Data has a story to tell--at least to those who know how to listen to it. However, data scientists who can connect the dots and bring forth insight from a mashup of unstructured and structured data are a rarity in today’s world. Many businesses are looking to supplement the capabilities of data science pros using the latest technologies available, such as analytics platforms empowered with artificial intelligence (AI) and machine learning.
One such business is Japanese aviation manufacturer AeroEdge, which was faced with critical engineering and manufacturing challenges that could only be addressed by garnering a better understanding of data. The Ashikaga Tochigi, Japan-based company was founded in 2016 and is now poised to become a leader in the global aviation industry, thanks to improved data analytics.
“Analytics proves crucial to ensure every step of the manufacturing process is optimized,” said Shingo Yamamoto, CIO and Chief of IT Strategy at AeroEdge.
To address the challenges posed by a large volume of data in a highly critical production environment, AeroEdge turned to an Australian company called Yellowfin, which specializes in building analytics platforms, exemplified by the company’s Signals and Stories offerings.
Turbine Blades Made with Titanium-Aluminum Alloy
AeroEdge is one of only two manufacturers in the world producing low-pressure turbine blades, which are made from a titanium-aluminum alloy. The turbine blades are destined for next-generation LEAP jet engines and must meet exacting standards, in which there is no room for error. The precision of each blade is measured to within thousandths of a millimeter. These are exacting standards that are dictated by extensive regulations. The challenge for AeroEdge was one of maintaining those standards while also scaling to mass production volumes.

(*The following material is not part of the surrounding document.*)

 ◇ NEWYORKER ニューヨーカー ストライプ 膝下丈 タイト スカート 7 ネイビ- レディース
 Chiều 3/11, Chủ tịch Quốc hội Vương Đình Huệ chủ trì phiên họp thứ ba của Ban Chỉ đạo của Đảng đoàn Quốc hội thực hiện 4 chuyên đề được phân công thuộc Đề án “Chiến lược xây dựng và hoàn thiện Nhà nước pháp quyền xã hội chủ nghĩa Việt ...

“With Yellowfin implemented, our operators now have an increased cost awareness, and we have improved our business profitability, so everything has been moving in a great direction,” Yamamoto said. AeroEdge uses Yellowfin analytics to identify patterns that lead to manufacturing issues and address them 80% faster, which in turn reduces production time.

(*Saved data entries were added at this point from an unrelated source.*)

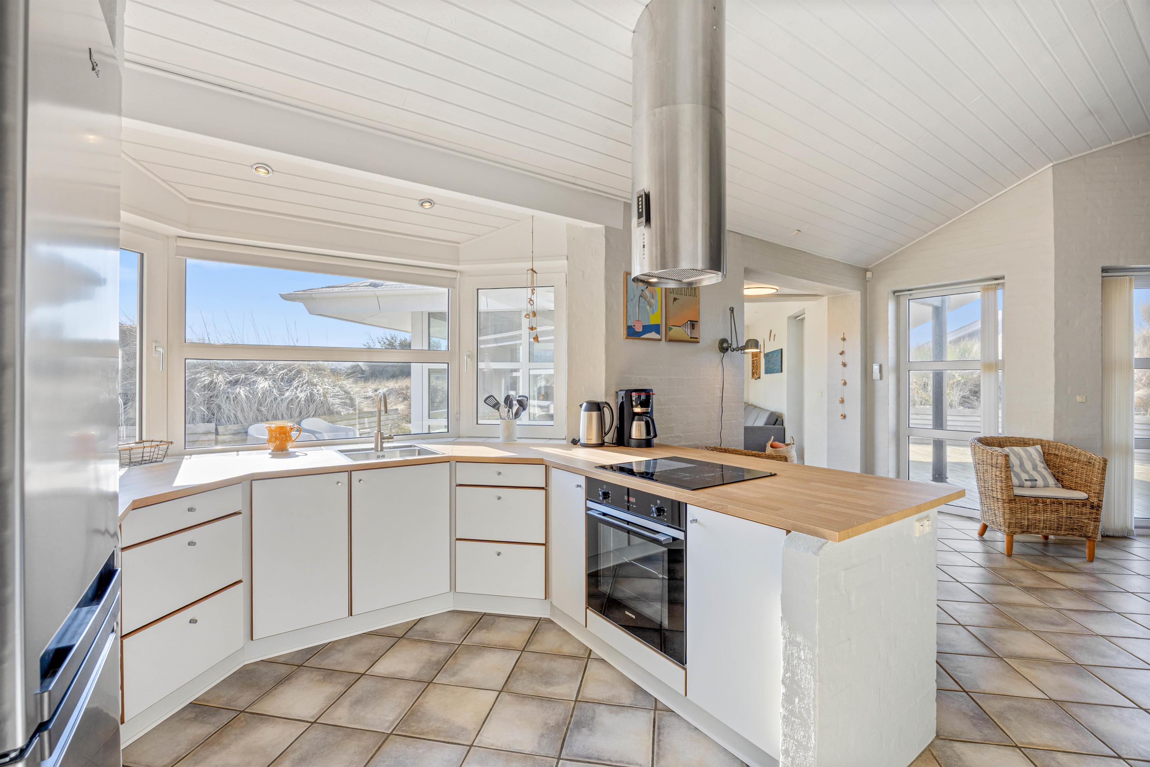 Der er et dejligt lyst og rummeligt køkken, hvor du kan lave lækkert feriemad eller tilbehør til grillbøfferne. Og i opholdsrummene er der lavet flere hyggekroge, så der er rig mulighed for at hygge sig med brætspil, en god film eller bare ren afslapning, hvor du kan nyde udsigten til naturgrunden og klitterne.
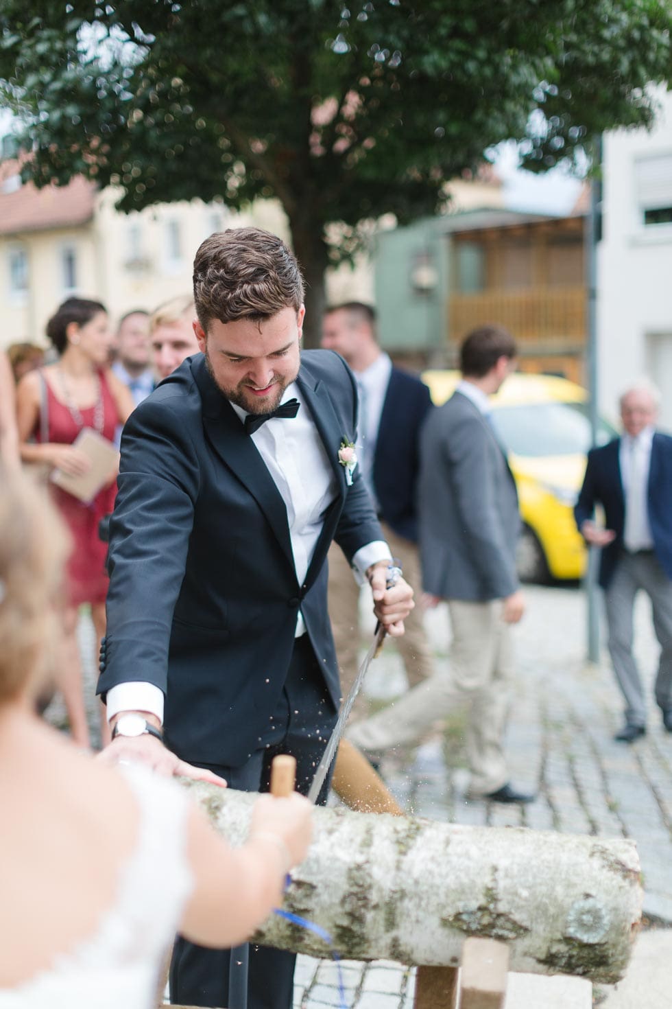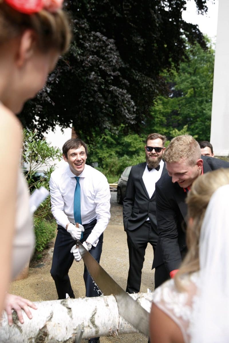 Solltet ihr es mit der Dicke des Stammes übertrieben haben, mobilisiert die Trauzeugen, dem Brautpaar jetzt beizustehen und für sie ein paar kräftige Züge auf dem Weg zum Glück zu machen oder zumindest mit anzupacken.
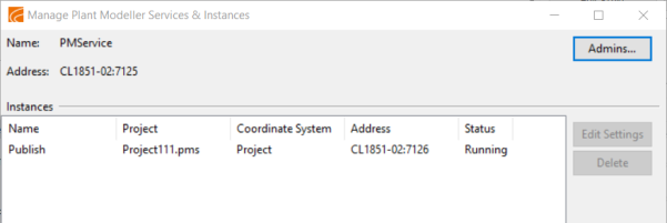 Select the service, and click OK. The Manage Plant Modeller Services & Instances dialog opens.
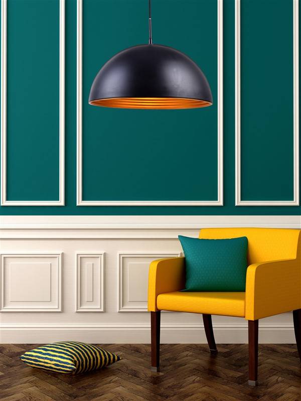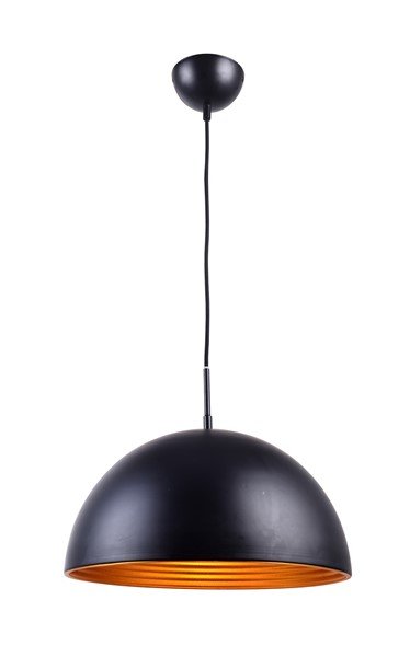 ¡Esta lámpara colgante de diseño redonda negro-oro 1xE27 de 400 mm de diámetro tiene forma de cúpula y es la lámpara perfecta para tu interior moderno!El exterior curvo negro en combinación con el interior dorado hace de esta una lámpara única.
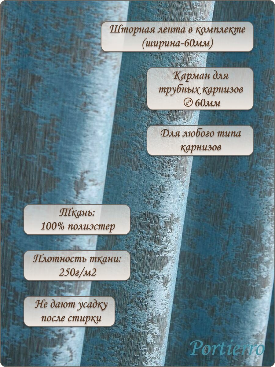 10 цен на Комплект портьерных штор 300x270см, 2 штуки, мрамор с узором, цвет: светло-бирюзовый, аквамариновый
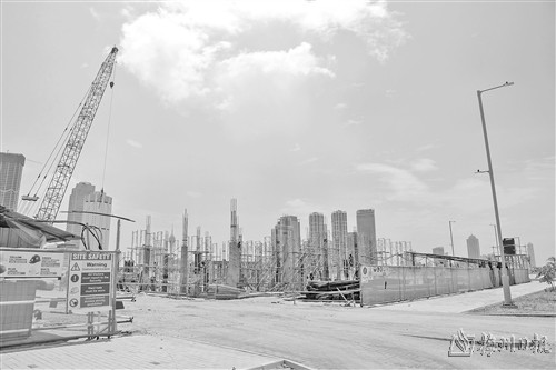 图为3月27日拍摄的斯里兰卡科伦坡港口城施工现场。
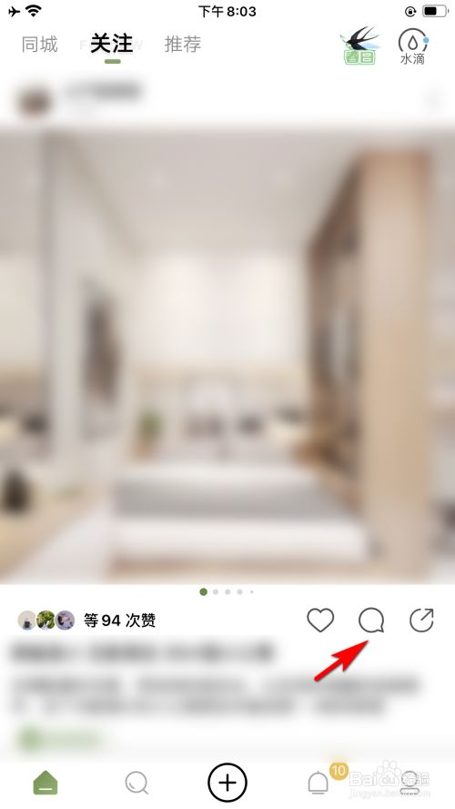 在应用首页中,点击方针作品的图标右下方评论的图标。
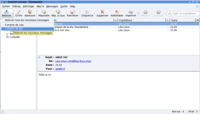 Vous avez la possibilité de ne télécharger les messages que d'un seul compte, en cliquant sur la flèche à côté de l'icone ci-dessus, ou dans le menu Fichier > Relever les messages pour, en sélectionnant le nom de compte désiré.
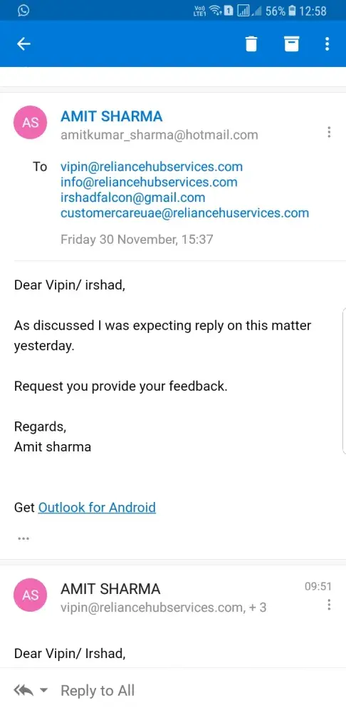 Hello everyone.. Reliance all guys are planning to run way, they have already closed the office in abu dhabi, and they are also not available in dubai. Every one start complaining in the police against them before they all leave...

“Yellowfin has played a significant role in enabling AeroEdge to meet the demand of their sizeable new contract with a French aviation engine manufacturer,” said Yugo Hayashi, Managing Director of East Asia at Yellowfin. “Yellowfin’s augmented analytics capabilities are changing the BI market and empowering organizations to make the most of their huge volumes of data. They are now being notified of patterns in their data that they could have never uncovered with manpower alone.”
While Yellowfin’s technology plays into the success of AeroEdge, other businesses can learn from that success and begin to focus on more critical elements to help the bottom line. The key here is to use technology that can provide meaningful analysis at the speed of business. For example, AeroEdge is looking to build on its data analytics success.

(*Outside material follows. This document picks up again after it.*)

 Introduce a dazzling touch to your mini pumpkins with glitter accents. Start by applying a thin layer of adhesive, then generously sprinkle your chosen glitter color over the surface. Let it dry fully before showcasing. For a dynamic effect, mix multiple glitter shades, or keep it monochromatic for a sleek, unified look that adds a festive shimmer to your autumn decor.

AeroEdge Now a Fully Data-Driven Business
“AeroEdge is now a fully data-driven manufacturing business with a strong and healthy data culture among all its employees and is now exploring predictive analysis,” Hayashi said.
The company is now able to analyze huge amounts of data from operators, equipment, measurement points and arrival dates of materials in real time; it also automatically generates a list of incompatible items in the Aeroedge production workflow.
Yuta Uchiyama, manager of the IT Strategy Department at AeroEdge, added: “We are now considering using data-driven analytics to help us predict incompatibility.“ AeroEdge is looking to make the most of their huge volumes of data, aiming to automatically identify patterns in the data that they could have never uncovered with manpower alone.
“The core material is titanium aluminum. However, a slight variation in the content of aluminum and oxygen changes the processing performance. So we are exploring ways to reduce the incompatibility ratio in the future. If analytics, such as YellowFin Signals helps to analyze these incompatibility issues, I believe it will lead to further reduction of the manufacturing processing time and improve the product quality,” Uchiyama said.